DES MOINES—Sam Clovis is not anyone’s idea of a typical politician. But in a field of candidates featuring a former Senate chief of staff, a U.S. attorney and a state senator, that may be his biggest strength.
The former conservative talk radio host brought his scrappy campaign for U.S. Senate to central Iowa Tuesday morning to speak to the Polk County GOP Conservative Breakfast Club. Clovis is a well-known opinion leader in conservative Western Iowa circles, but most of the Des Moines activists heard him speak for the first time.
Clovis, an economics professor from the Sioux City area, focused his stump speech on qualities that he says Republicans should seek in their next Senate candidate: leadership, stewardship and statesmanship.
“I’m stunned that whenever Bruce Braley votes for something, it costs Iowans money, and a bit of liberty,” he said, calling Braley a “secular, progressive liberal” to the left of Sen. Tom Harkin.
Clovis said that the “basketball team”-sized field of Senate candidates essentially shares the same conservative principles. What will separate the men (or woman) from they boys is the courage and leadership to stand up to special interests in Washington, he said. Clovis, calling himself a “seasoned citizen,” said that his life experience sets him apart from his opponents.
The jovial candidate, clad in an American flag tie and blue blazer, told about 40 Republican activists that Iowa needs a candidate that will fight for the national interest of balancing the budget instead of handing out favors to organized interests.
“How would you spend your mother’s money?” he said in a 10-minute speech followed by questions from the crowd. “You spend that money in a very judicious way… you have to balance your budget, and you have to do as a Senator what is best for the families of Iowa.”
Clovis, who drove to the event in a red H3 Hummer with a Steve King bumper sticker, didn’t shy away from social issues.
“I’m a pro-life guy. I’m a pro-traditional marriage guy,” he said. “I’m a Catholic… It’s like what Pope Francis said [when recently asked about those issues]. That’s a silly question. I’m a Catholic. I stand with Pope Francis.”
Clovis, a 25-year military veteran and a former fellow with the D.C.-based Homeland Security Institute, answered questions about Senate role models, America’s relationship with Israel and immigration. It’s a “ludicrous notion” to deport the estimated 11 million illegal immigrants in the United States, but the Senate’s immigration bill sends the wrong message, he said.
“I don’t believe that people should be rewarded for citizenship simply for breaking the law,” he said. “They can stay and work, they can do all of those things… but I don’t think they’re entitled to citizenship.”
“He’s impressive,” said Steve Roberts, a former RNC Committeeman, who asked Clovis the immigration question. “I didn’t think much of it when he started out. I thought he was just a conservative talk show host. But he’s smart, he’s thoughtful. He could be a factor.”

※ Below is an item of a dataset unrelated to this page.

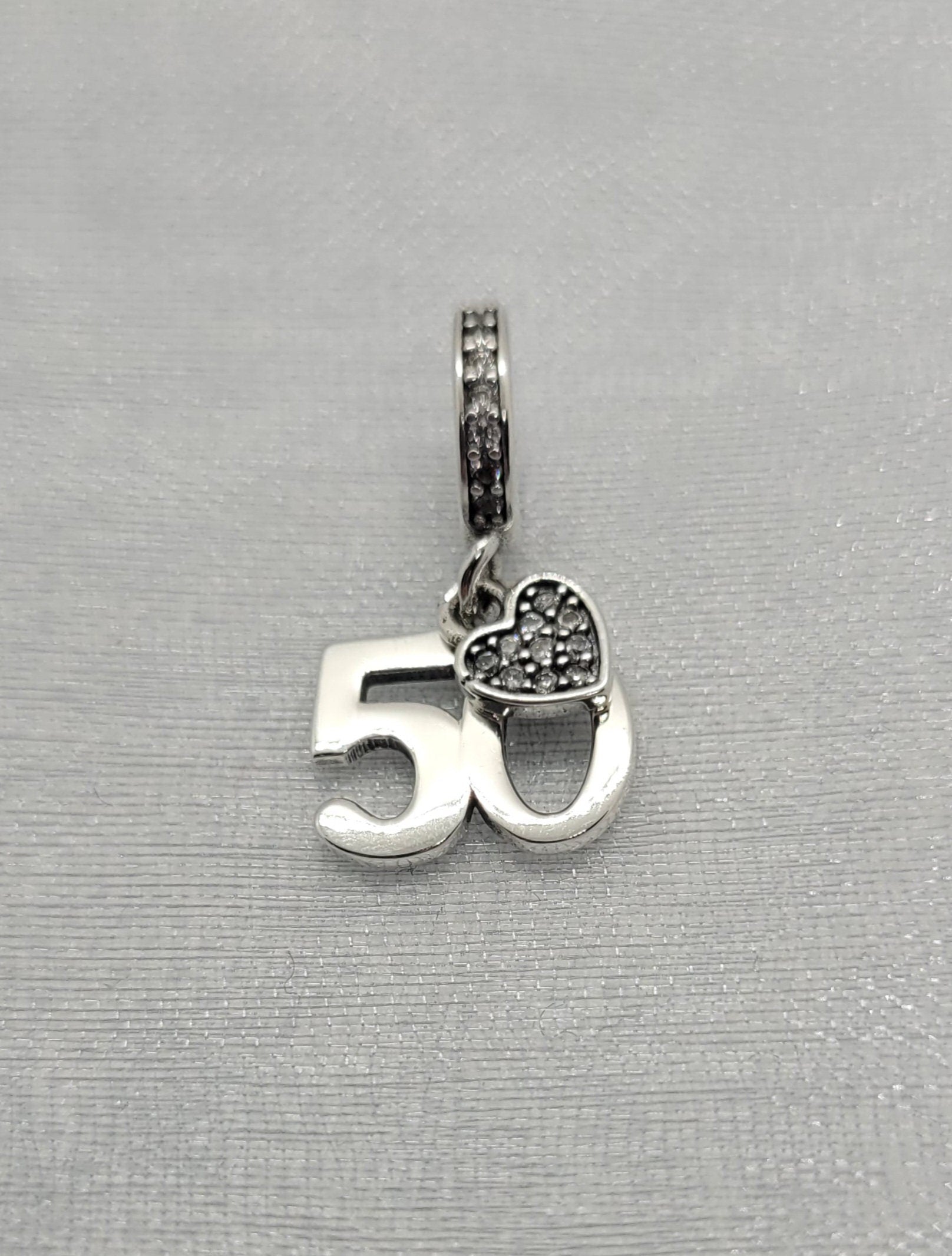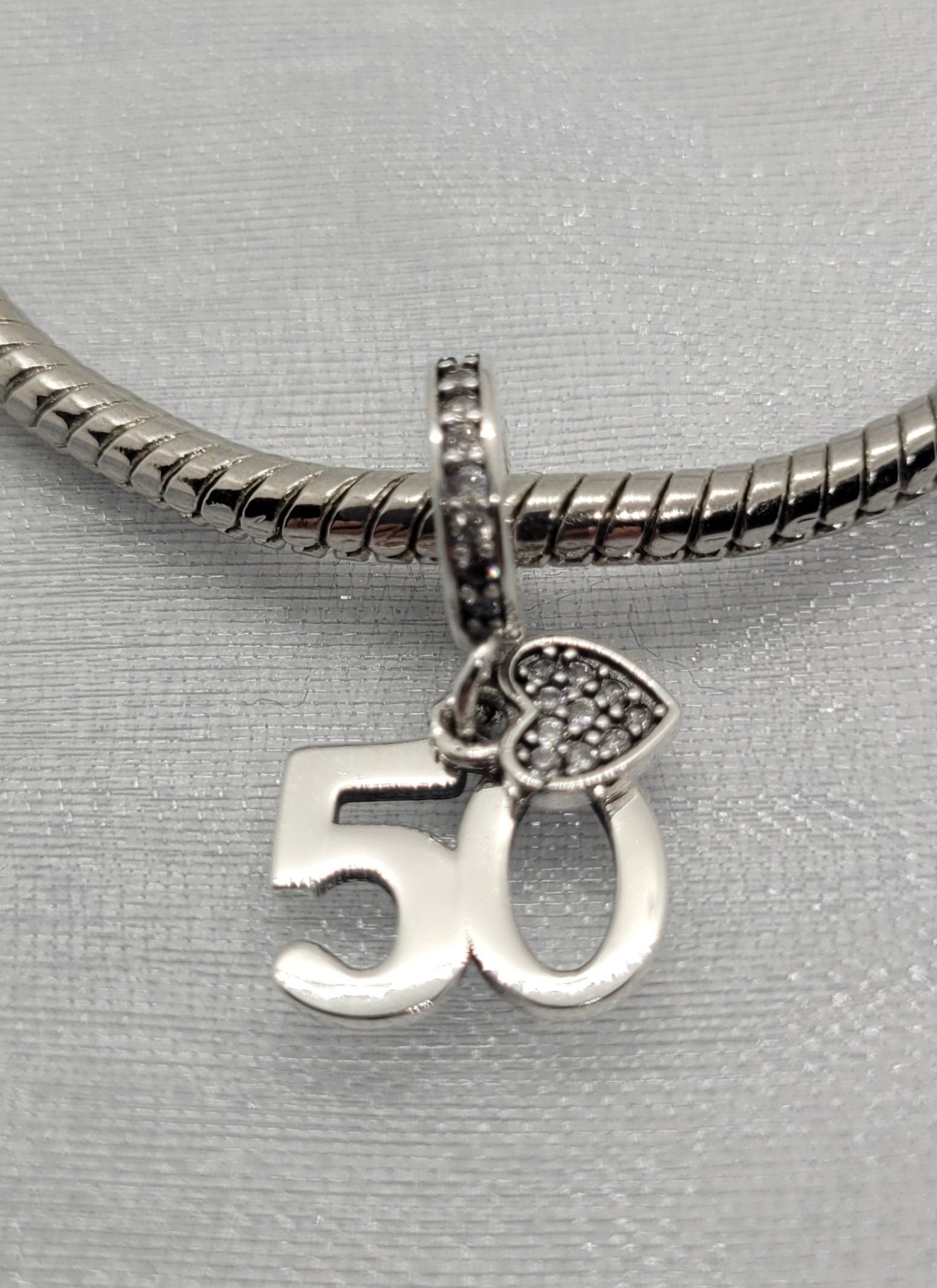 50th Birthday Celebration, 925 Sterling Silver 50th Birthday Dangle Charm Bead Landmark Birthday Fits all Charm Bracelets 50th Anniversary

The Polk County GOP Conservative Breakfast Club has become a must for candidates seeking the U.S. Senate seat. Clovis followed former U.S. Attorney Matt Whitaker and former chief of staff to Sen. Chuck Grassley David Young. Businessman Mark Jacobs is scheduled to speak next month and state Sen. Joni Ernst has committed to attend in Sept.
“I was very impressed,” said Darrell Kearney, the fundraising director for the Polk County GOP, who is neutral in the race. “I knew Sam would be very well versed. You don’t have to be a rocket scientist to figure out that a former radio host can connect with people conversationally. If you put them all in the room, they’d all give the same answer to everything. Philosophically, they’re all conservatives. The question is who can deliver the message, who can fire up the base.”
Kearney, an experienced wrangler of GOP donors, said a credible candidate must raise a bare minimum of $100,000 to have a plausible shot in the June primary. With a large and largely unknown field of candidates, that’s a tall order. Clovis raised about $16,000 in less than a month of campaigning, but his campaign expects to turn in a respectable third quarter figure. No one expects Clovis to haul in PAC checks or dominate the fundraising race. But his campaign, helmed by the national campaign manager for Rick Santorum’s presidential campaign, is gambling on galvanizing small donors and somehow catching fire on a shoestring budget.
The amount of money candidates can bring in during July, August and September will likely make or break them. Young brought in $150,000 last quarter while Whitaker pulled in about $110,000. Those numbers are not going to scare Braley and have Republican operatives quietly worrying that Jacobs, a potential self-funding candidate, might be the only candidate who can stack up to Braley’s trial lawyer-funded campaign chest.
Trackers for the Iowa Democratic Party and American Bridge, an independent political group that tracks GOP candidates, showed up to film Clovis, a sign that he’s being taken seriously by the left. Unfortunately for the American Bridge operative, he arrived an hour late and missed the show.